Но наша жизнь не сводится только к экономике, она состоит из вырастающей из нее, но и влияющей на нее повседневности. Новая экономическая ситуация нуждалась и нуждается в субъекте нового типа, в новом человеке, который уже не обладал бы знаниями и навыками, необходимыми для старого советского индустриального общества, но приобрел бы навыки, необходимые для торговли, работы в офисе, в сфере обслуживания и управления. Самой большой надеждой нового порядка по-прежнему является новый тип грузина — предпринимателя-самородка, предпринимателя, который создал себя сам и должен вести остальное общество вперед. Следует также отметить, что тюрьма, патрульная и криминальная полиция, другие правоохранительные органы расчищают путь этому новому, пока еще не существующему субъекту. В то время как система пытает или убивает в темной комнате или подвале, наверху, на освещенной улице она тем самым охраняет мирный сон этого грузина — еще не ставшего реальностью, но уже обретшего очертания.

Поясним еще раз: в результате гайдаровских реформ появляется олигархический класс.
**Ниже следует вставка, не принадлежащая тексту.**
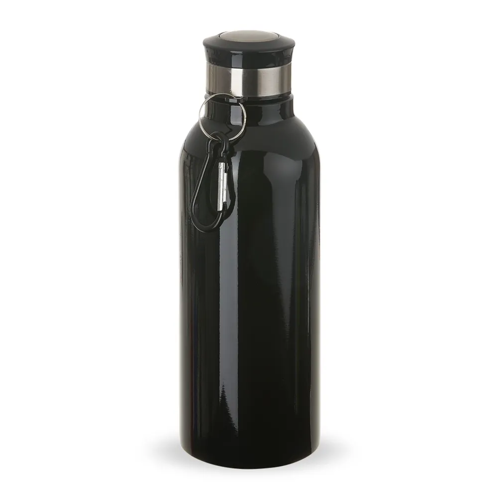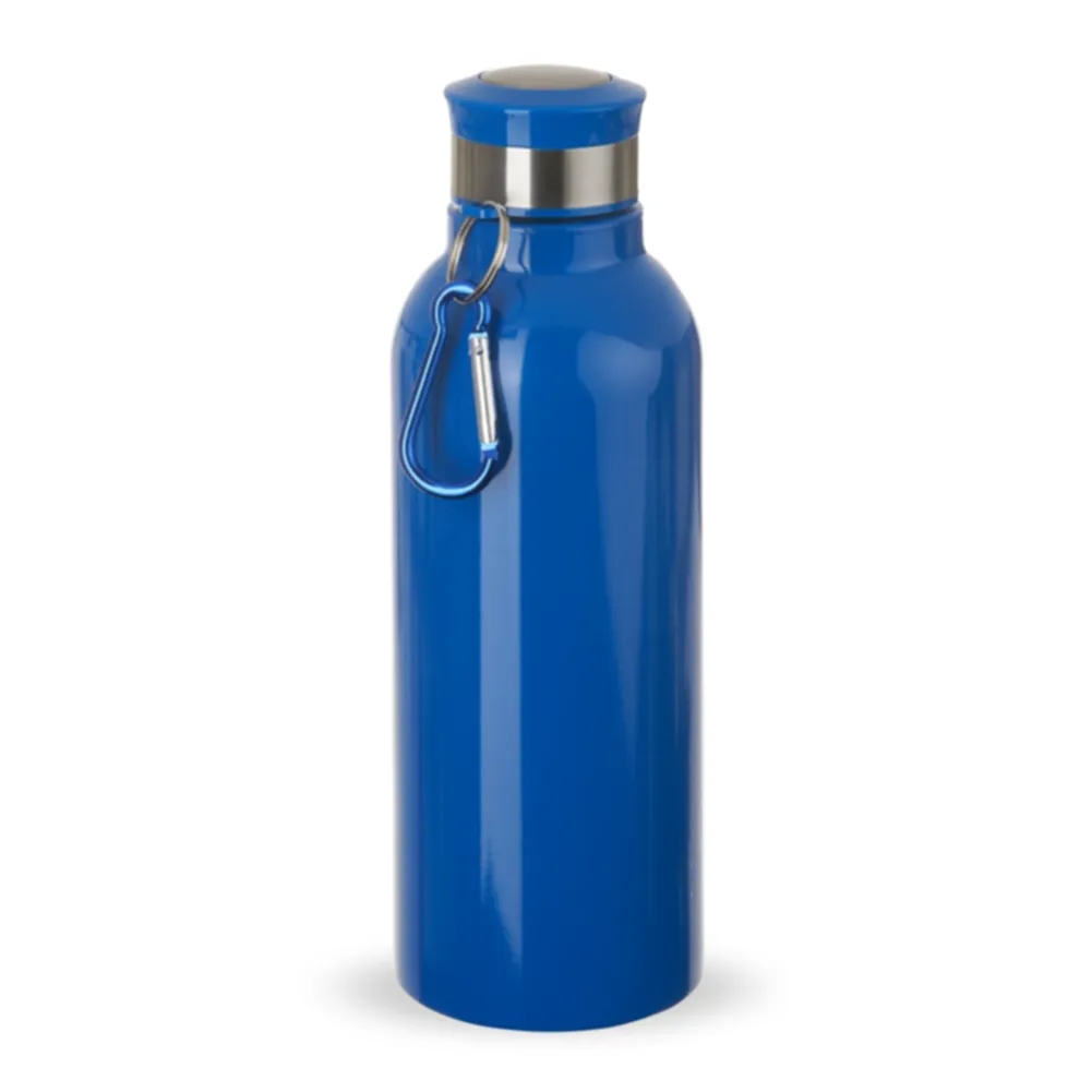 Garrafa Inox 700ml com pintura colorida e detalhes em prata. Possui tampa rosqueável e acompanha chaveiro mosquetão.

Представителями этого класса в Грузии являются Бендукидзе и Иванишвили. Этот класс имел и имеет свои убеждения и представления об экономическом и культурном развитии, обществе, человеке и природе. И эти представления самым совершенным образом были реализованы именно в Грузии, а не в России. Не удивительно, что у этого класса было желание получить чисто политическое лицо, то есть самому взять в руки политическое управление страной или странами. В России этого не получилось, но получилось в Грузии. Можно сказать: Бендукидзе и Саакашвили — воплощение экономических мечтаний российской либеральной олигархии в Грузии, а Иванишвили — воплощение политических мечтаний того же класса.

Что происходит с демократией в таких условиях?
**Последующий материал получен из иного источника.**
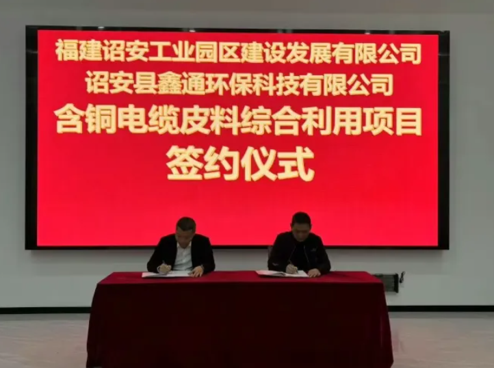 1月16日,詔安工業園區與詔安縣鑫通環保科技有限公司成功簽約含銅電纜皮料綜合利用項目。
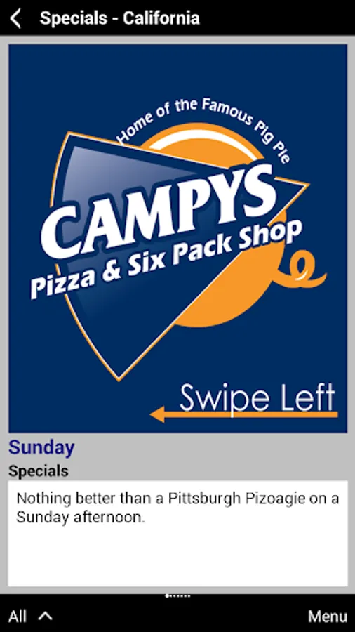 Campys Pizza & Six Pack Shop, with locations in Charleroi and California, Pennsylvania, offers some of the most delicious pizza and unique craft beers in the area. With App offers added to their coupons and specials you will enjoy delicious food and drink, amenities like fingertip phone in for carry-out or delivery orders, and a staff ready to cater to your office or special occasion needs. Great pizza, wine and beer, friendly service and now a convenient, money-saving App from Campys Pizza & Six Pack Shop.
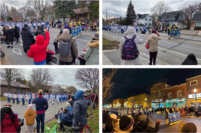二零二五年十一月二十二日至十二月六日的每個週末,由多倫多法輪功學員組成的天國樂團連續參加了皮克林鎮(Pickering)、亞積士鎮(Ajex)、萬錦市(Markham),博爾頓鎮(Bolton)和斯圖夫維爾鎮(Stouffville)的五個安大略省周邊城市的聖誕遊行活動,向市民們傳遞節日的祝福,展現大法的美好(本文主圖)。
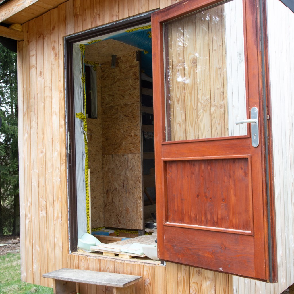 Busausbau, beispielsweise. Als uns Georg Fotos von seinem ausgebauten Dachstuhl im Tiny House schickt, entscheiden wir uns. Eine Baustelle zum Angreifen, zum direkten Austausch. Ein Mensch in echt, den wir fragen können. Ein Bettgestell muss innerhalb von Stunden in den Bus rein. Das Allernotwendigste wird in Kisten unter dieses Bettgestell geschoben. Juhuuu, die alten schönen Holzladen vom kleinen Auto passen ebenfalls hinein. Und dann nix wie hin zur Baustelle. Wir fahren bis an die tschechische Grenze, die wir zum ersten Mal seit so vielen Jahren nicht einfach so überqueren dürfen. Kaffee trinken bei den Nachbarn. Wir lieben das. Ein ziemlich komisches Gefühl, es gar nicht erst zu probieren. Im nördlichsten Waldviertel fühlt es sich allerdings schon recht nordslawisch an. Jaja, ich halte das aus, wenn ich jetzt wieder Prügel beziehe. Ich liebe zweisprachige Ortsschilder. Ich liebe Regionen an politischen und kulturellen Grenzen. Da fühle ich mich zu Hause. Jede Zelle meiner slawischen Wurzeln jubelt. Die Häuser werden immer kleiner und das Land immer menschenleerer. Der Frühling ist auch noch nicht so richtig ausgebrochen. Die Besichtigung der Baustelle hilft vor allem Alexander riesig weiter. Danke Georg für deine vielen guten Bau- und Material-Tipps. Einiges ist jetzt noch klarer als vorher. Und danke für das feine vegane Abendessen am offenen Feuer! Ich freue mich darauf, wenn du mit deinem Haus an dem Platz landest, den du liebst!
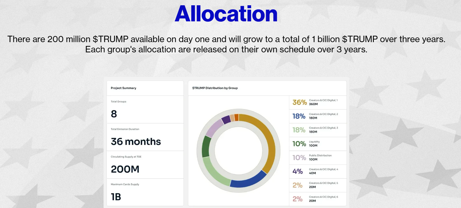 Loput 80 % on jaettu kuudelle ryhmälle, mukaan lukien CIC Digital Groups, Trumpin luottamuksen omistama yritys, joka on aiemmin hallinnoinut hänen NFT-hankkeitaan.
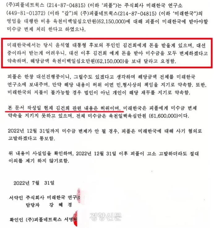 더불어민주당이 '윤로남불' 부부 국정농단('구속 사유') 핵심관계자 '명태균' 씨가 실질적으로 운영한 것으로 알려진 미래한국연구소가 피플네트웍스리서치(PNR)에 '윤석열' 부인인 '김건희'에게 '대선 후' 돈을 받아 미수금을 갚겠다고 '6천만원'을 받아가며 작성해준 채무이행각서 실물을 '공개'했습니다. 이어 대선 기간 여론조사를 '무상 제공'을 받은 혐의로 '윤석열' 부부를 '정치자금법' 위반 혐의로 '윤로남불' 검찰에 고발했습니다.
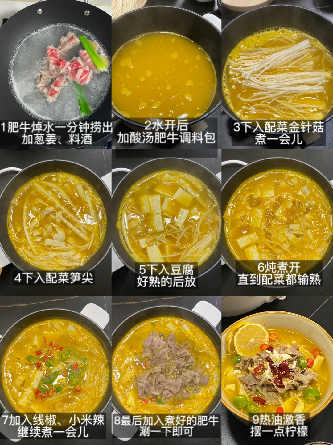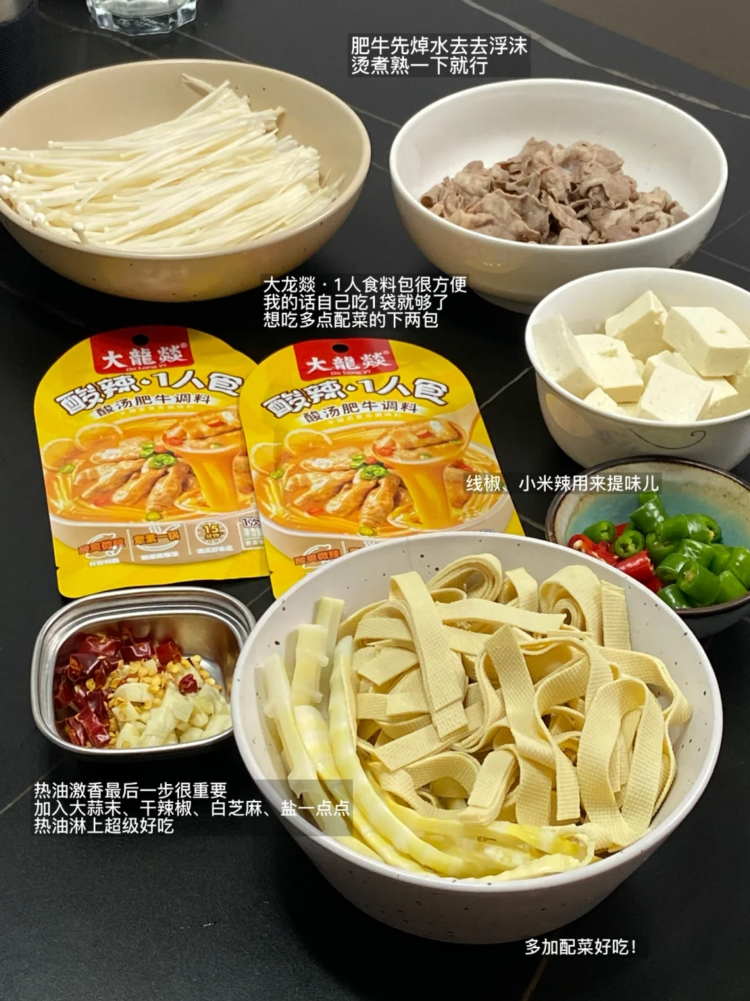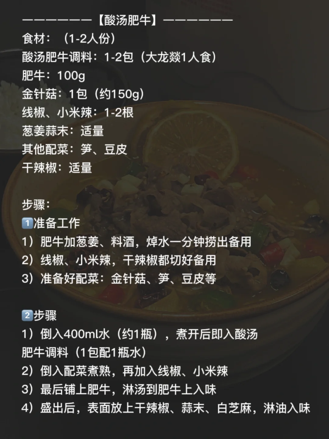 菜谱在p6 酸汤肥牛做法超级简单!类似于煮火锅类型的,拿一包酸汤肥牛料包,我用的大龙燚的一人份料包很方便,不过想多吃点配菜可以煮两包,一个锅煮着就可以完成 tips: 1⃣️最后一步淋油激出香味很灵魂!好喜欢蒜香和干辣椒一起的香味!
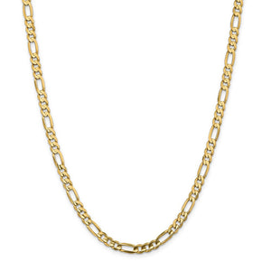 • Our 14k yellow gold, open figaro chain closes with a lobster-claw clasp and features a modern concave design that has been hand-polished to ensure a smooth finish. Measuring 5.5mm in width, the solid link construction of this beautiful chain offers versatility along with durability. 26 inches in length.

Она теряет все элементы, которые могли бы ограничить рынок или потенциально создать угрозу для него. Соответственно, по словам аналитика мир-систем Самира Амина, такая демократия становится «демократией низкой интенсивности». Демократия низкой интенсивности — это фальшивая демократия, которая отделяет друг от друга политическую и экономическую жизнь. Для чего ей такое разделение? Для того, чтобы политическая жизнь была сосредоточена только на предвыборном и избирательном процессе, а экономическая жизнь в период между выборами управлялась так, как захочет капитал.

В условиях демократии низкой интенсивности народные классы исключены из процесса принятия решений, а демократические институты не функционируют. Судьбы людей решаются не в парламенте, а на рынке.
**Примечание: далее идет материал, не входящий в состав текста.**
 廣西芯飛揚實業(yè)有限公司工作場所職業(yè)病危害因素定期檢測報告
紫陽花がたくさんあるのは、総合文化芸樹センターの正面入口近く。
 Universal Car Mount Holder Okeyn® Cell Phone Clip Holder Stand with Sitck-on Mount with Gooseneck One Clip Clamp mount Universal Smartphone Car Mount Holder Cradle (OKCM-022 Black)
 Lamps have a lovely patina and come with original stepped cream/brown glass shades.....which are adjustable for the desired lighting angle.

С одной стороны, на нашу повседневную жизнь действуют великие силы, например, система капиталистических отношений. Но это влияние фрагментировано в повседневности, в ежедневных событиях, в текущих новостях — через телесные драмы и трагедии.

По мнению американского культурного антрополога Кэтлин Стюарт, повседневные аффекты обладают большей прямой убедительностью, чем идеология. Таким образом, повседневная жизнь проживается на уровне интенсивных аффектов, на уровне воздействий, которые мы испытываем или с которыми справляемся.

Производимая у нас повседневная жизнь полна унижений. Настоящие причины, делающие повседневность непригодной для жизни, часто анонимны и обеспечивают собственную анонимность через создаваемую ими социальную инфраструктуру. Таким образом, классовое угнетение может не переживаться непосредственно как угнетение — в соответствии со слабостью или отсутствием классового сознания. Классовое угнетение может проявляться в конкретных чувствах или аффектах. Социальная и культурная среда, насыщенная последствиями аффектов недовольства, может стать взрывоопасной, если ее развитие не задерживается с помощью социальных ритуалов (под ритуалом, согласно американскому антропологу Уильяму Маццарелле, здесь подразумеваются разновидности социальной медиации). Взрывоопасность подразумевает, что она в равной степени имеет как социально-прогрессивный, так и регрессивный потенциал. Ритуал есть язык власти, и именно через него устанавливается и закрепляется то, что тормозит социальный прогресс, — демократия низкой интенсивности и неравенство. В таких условиях народные классы атомизированы, а это в практической социальной жизни означает то, что народ не может сплотиться вокруг классовых вопросов и в политическом спектакле принимает пассивную декоративную роль.

Но в то же время в него заложен и потенциал прогресса — превращение народа в субъект, который силой коллективных аффектов радости и счастья отказывается от самоуничтожения и наполняется энтузиазмом борьбы за всеобщее.